Ad Attack

After reading Mary Pipher's review of Deadly Persuasion: Why Women and Girls Must Fight the Addictive Power of Advertising by Jean Kilbourne, forwarded to an email list I'm on, I wrote an extended reply in January, 2000. From an ad for Lion hair tonic, in a Japanese magazine I mentioned DoubleClick in it, as a force to be reckoned with. They first got on my radar thanks to Philip Greenspun's online version of his book, Philip and Alex's Guide to Web Publishing, wherein he details how they track, accumulate, and cross-reference your online behavior for themselves and their clients.

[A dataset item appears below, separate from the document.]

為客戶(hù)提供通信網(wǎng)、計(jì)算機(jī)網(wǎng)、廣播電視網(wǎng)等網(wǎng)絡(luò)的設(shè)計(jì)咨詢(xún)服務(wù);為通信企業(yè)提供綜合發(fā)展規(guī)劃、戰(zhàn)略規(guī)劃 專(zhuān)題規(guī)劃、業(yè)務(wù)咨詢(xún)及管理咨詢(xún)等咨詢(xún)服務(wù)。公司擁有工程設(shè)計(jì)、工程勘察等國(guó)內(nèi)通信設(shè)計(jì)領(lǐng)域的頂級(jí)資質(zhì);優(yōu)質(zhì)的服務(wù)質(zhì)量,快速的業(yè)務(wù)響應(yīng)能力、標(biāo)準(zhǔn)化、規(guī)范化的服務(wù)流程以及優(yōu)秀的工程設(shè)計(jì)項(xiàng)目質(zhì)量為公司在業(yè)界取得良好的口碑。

Greenspun notes "Of course, Double Click assures everyone that your privacy is assured."

In my message, I suggested that web advertising "as attractive nuisance" was not particulary effective, but that the bad news was, it was likely to be "fixed" to serve market forces.

Resources

How to track users on the web

NYT: Giving the web a memory cost users its privacy

Center for Democracy and Technology's convenient list of opt-out links.

Opt out of DoubleClick

Opt out of Engage, another cookie collector (that ate Flycast).

Junkbusters FAQ; more general protection with your own proxy server.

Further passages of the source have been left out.